Primary responsibility for the implementation and management of monitoring activities for assigned clinical studies to ensure timely, quality data in alignment with the global needs of the Clinical Development team and industry clinical data standards.
Draft and/or provide review of vendor monitoring plans and ensure compliance with Akebia’s standards.
Oversee monitoring activities during the course of the clinical study and ensure compliance to the monitoring plan(s).
Review monitoring visit reports, monitor visit scheduling, report completion metrics, protocol deviations, issues and action items to identify site- and study-level issues.
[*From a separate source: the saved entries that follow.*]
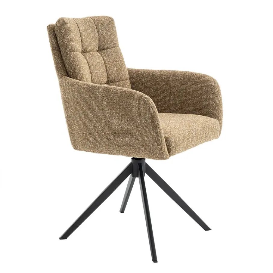 - Luxueuze bouclé bekleding: De curry kleurige stof biedt een rijke uitstraling en voelt zacht aan.
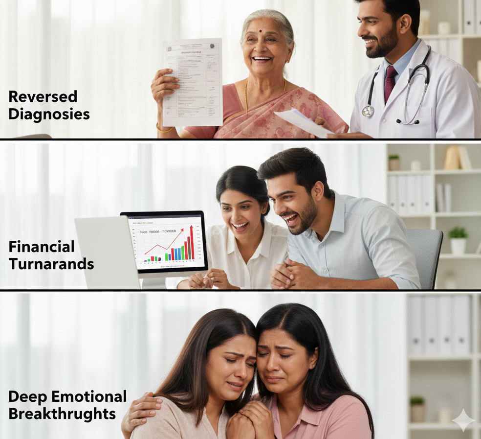 Measurable outcomes: from reversed diagnoses to financial turnarounds to deep emotional breakthroughs.
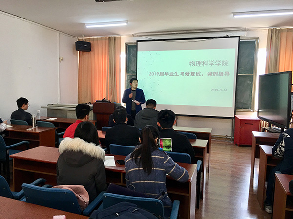 会上,学工办主任李慧晶首先对2019年考研复试、调剂等动态信息进行分析解读,就常见的共性问题提出建议。随后,专业教授、博士老师们从不同角度为同学们提出了意见和建议。
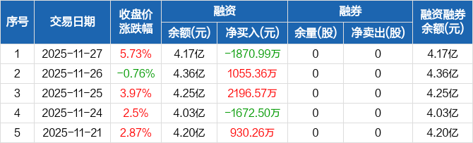 统联精密:融资净偿还1870.99万元,融资余额4.17亿元(11-27)
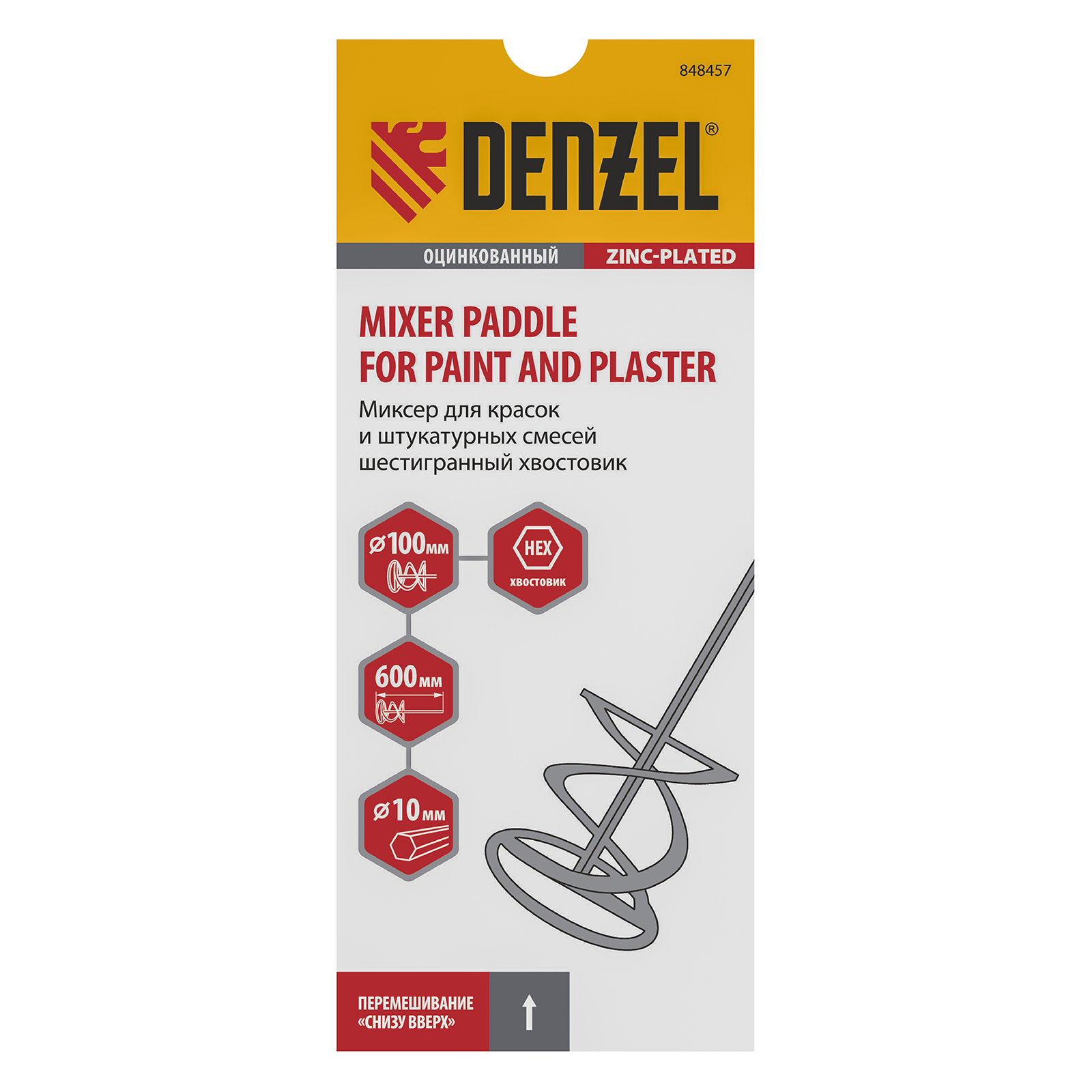 Миксер для красок и штукатурных смесей, 100 х 600 мм, оцинкованный, шестигранный хвостовик 10мм Denzel в Москве
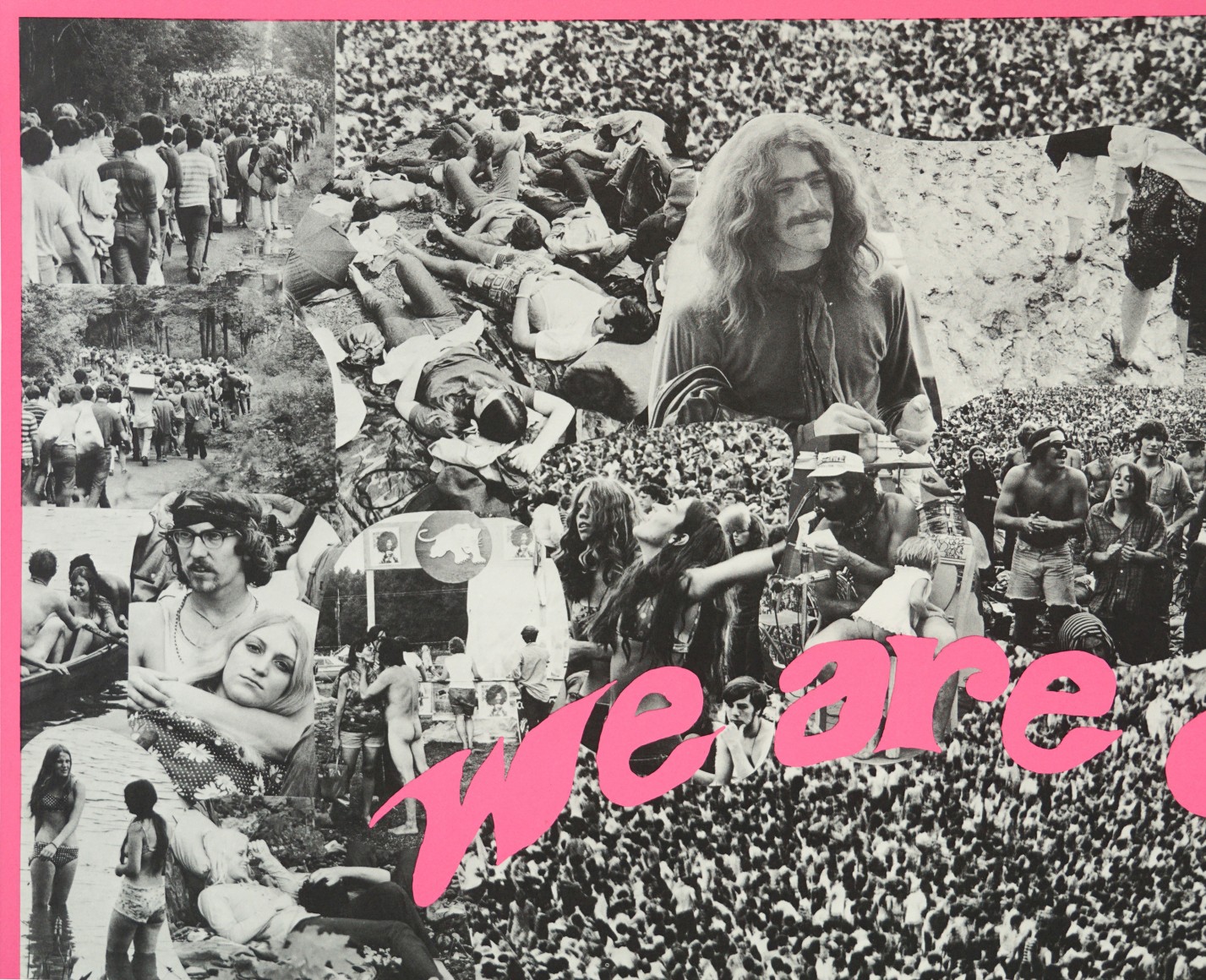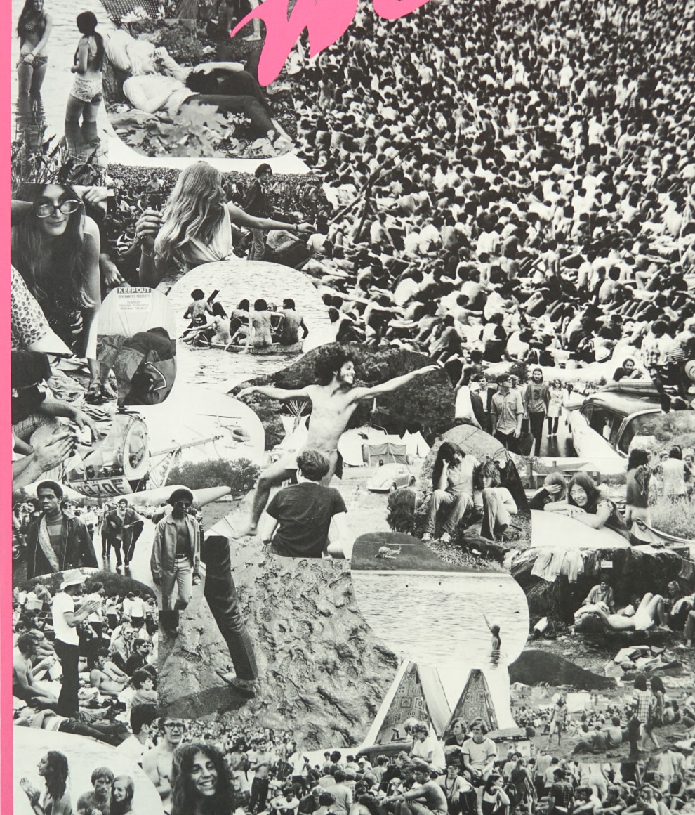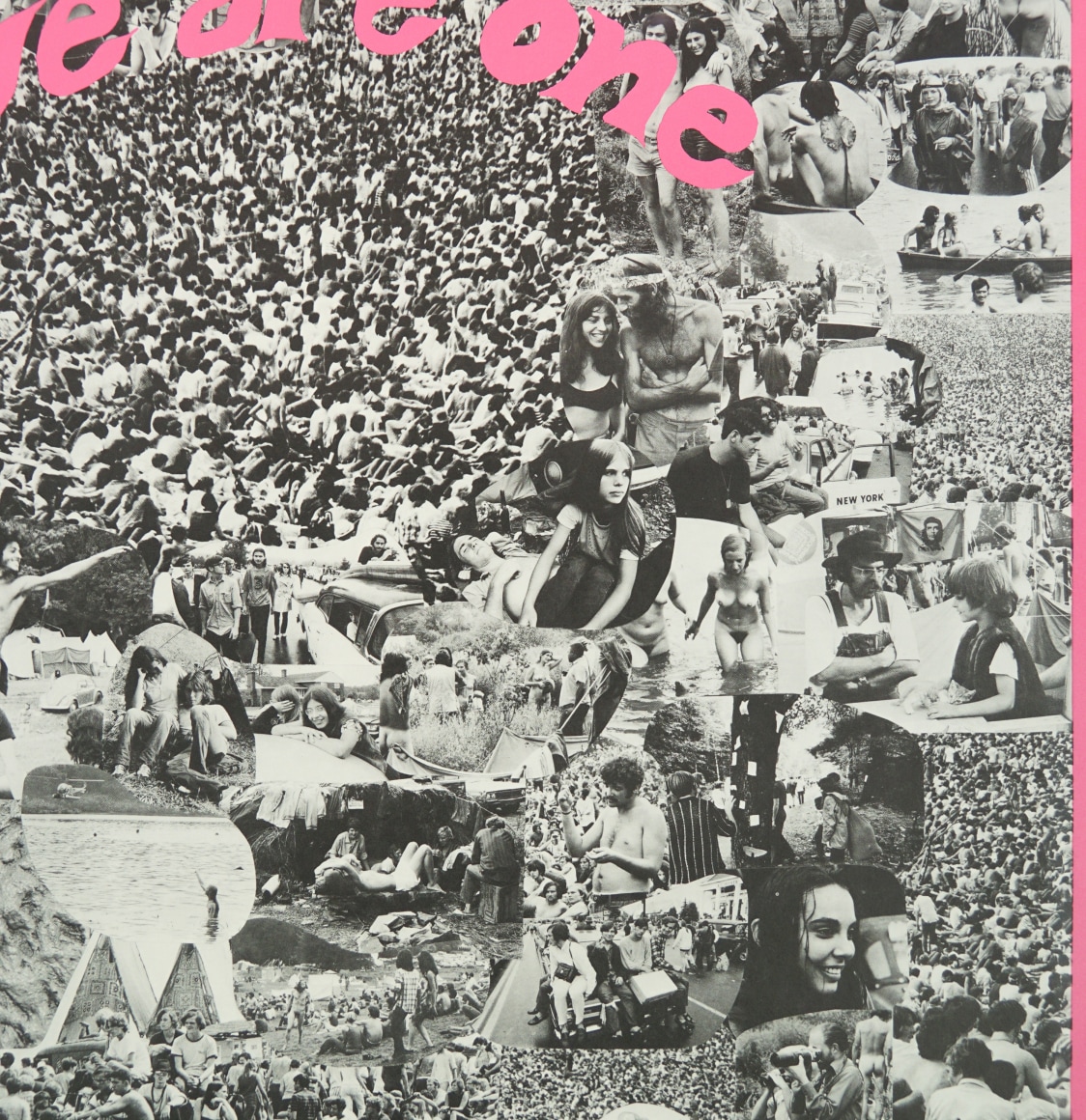 This huge collage of Woodstock photos was created by Bruce Gowens right after the event and published in 1969. There was also a version made with dark green lettering instead of the pink seen here. These posters were printed on thin paper and were easily damaged or ripped and very few are left, although it is impossible to know how many. We had this one backed with archival linen to stabilize and protect it before framing it with Museum Glass.
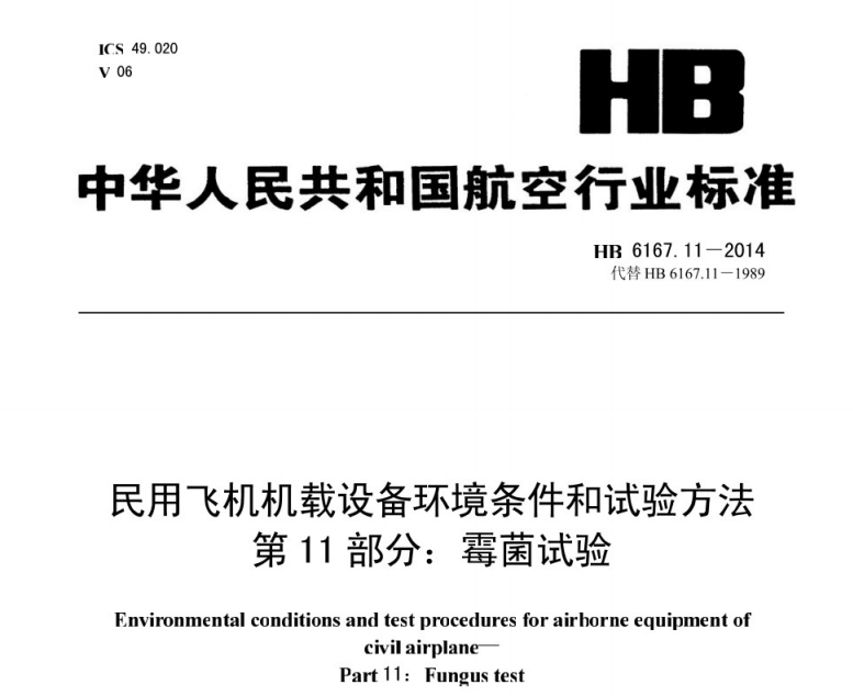 HB 6167.11-2014民用飞机机载设备环境条件和试验方法第11部分:霉菌试验
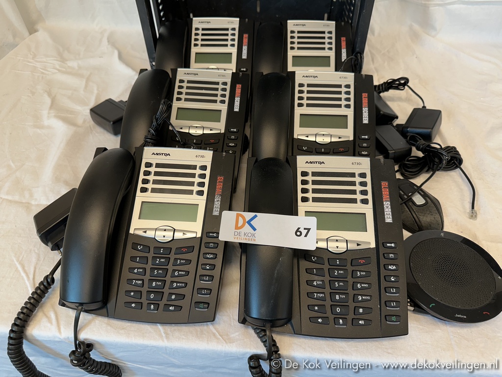Telecomapparatuur, w.o. 6x Aastra 6730i VoIP telefoontoestel, inclusief enige voedingsadapters, 1x Jabra PHS001U USB-tafelmicrofoon en 1x Konftel uitbreidingsmicrofoon, in kunstof stapelkrat

Proactively identify, prevent, and mitigate monitoring risks.
Manage/resolve site and/or monitoring issues including retraining, issue escalation, and implementation of corrective actions to prevent recurrence.
Perform monitoring/ monitoring oversight visits as required either independently or manage CRAs in the conduct of monitoring oversight visits to assess CRO performance.
Prepare templates for visit reports and associated correspondence.
Work cross-functionally to develop and execute action plans to address findings.
Oversee development and implementation of project specific processes, tools, and documents (e.g., monitoring oversight plans, site visit report templates, monitoring tools)
Support the training and development of in-house CRAs and ensuring study training compliance is maintained
Develop/review training materials and study tools for site and CRA use.
May act as line manager for CRAs directly or through a functional service provider, ensuring resources meet qualifications and performance expectations.
Provide input into the development and implementation of clinical monitoring SOPs.
Build relationships cross-functionally and with CROs/vendor support of the mission and goals for the monitoring function.
Drive improvements and innovation to enhance the quality of monitoring/ monitoring oversight activities; collaborate with clinical development and data management to define risk-based and remote monitoring approaches.
Support a culture of continual improvement and innovation; promote knowledge sharing.